A recent study of plastic waste collecting in the ocean garbage patches suggests this waste is coming from ships, and that it is not originating from the land. So where are all the millions of kilos of plastic entering into the oceans daily going? It disperses, and does not make it to the garbage patches.
Even if the garbage patches are completely cleaned, it will not help with the enormous amount of plastic already in the oceans, with millions of additional kilos entering every day.
Plastic pollution cleanup efforts need three strong approaches. Of the three, the one that is most effective and needed the most is the one least funded and least considered.
Volunteer cleanups, such as beach cleanups, receive a lot of attention and funding. These work best in developed countries where people can afford to be volunteers. But even in developed countries, these efforts are often sporadic and not consistent. Many under served areas receive no cleanups.

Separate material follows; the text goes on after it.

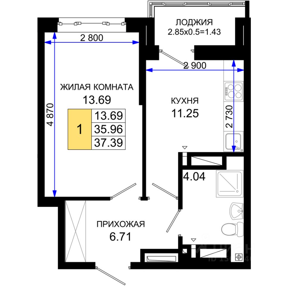 продам 1-к, Элеваторный переулок, 6/2б8 637 090 ₽

In developing nations, there is mass poverty. Few can afford to be volunteers.
Employing people in need of work - disadvantaged people - to cleanup coasts and other areas, an actual employment project that can and should employ millions, is near nonexistent.
The much advertised technology that Boyan Slat offers receives millions of dollars of funding.
Just to be clear, if his technology works, as he says it does or will in the future, then let us hope he cleans the garbage patches as he says he will.
But imagine if even one tenth of the millions of dollars his organization receives was directed at employing disadvantaged people to remove plastic from coasts and other areas. An employed force cleaning up plastic pollution from coastlines and other areas will remove far more plastic pollution than any technology or volunteer effort ever can, at far less cost than any technology.
This is not to say Boyan Slat should not continue his effort to cleanup the garbage patches.
But the failure to employ the low tech, far less costly simple approach of providing employment to disadvantaged people to do hands on cleanups means losing the critical opportunity to prevent trillions of kilos of plastic pollution already littering coastlines and other accessible areas from breaking down further into forever damaging unrecoverable pieces.
The plastic pollution cleanup portion of the plastic pollution disaster needs three things:
1. Employed workers doing the cleanups.
2. Volunteer cleanups.
3. Technologies that can clean areas that laborers cannot cleanup, such as ocean garbage patches.

Of the three things needed for plastic pollution cleanups, the core of the effort must be on employed workers because that is what will achieve the most in terms of helping people and in removing the most amount of plastic.
Volunteerism and technology, instead of being the primary focus of the effort, as they are now, must be seen as the supplementation to the core effort.
How effective is Boyan Slat's technology?  There needs to be an objective determination and not rely only on his word or that of his organization. People also need to know clearly that even if the garbage patches of the world are completely cleaned, it will have only removed a small amount of the plastic already in the oceans.
Employed people glad to receive work and that are paid a decent, fair wage, will remove far more plastic pollution than any volunteer effort or technology can ever hope to achieve.
Instead of waiting for a technological miracle and allowing the oceans and coasts to get further destroyed, why not immediately implement what is most effective and works?  An army of people employed to remove plastic pollution from coastlines and other areas is needed now. Every day that passes without this army means another day of destruction to wildlife, oceans, people and more.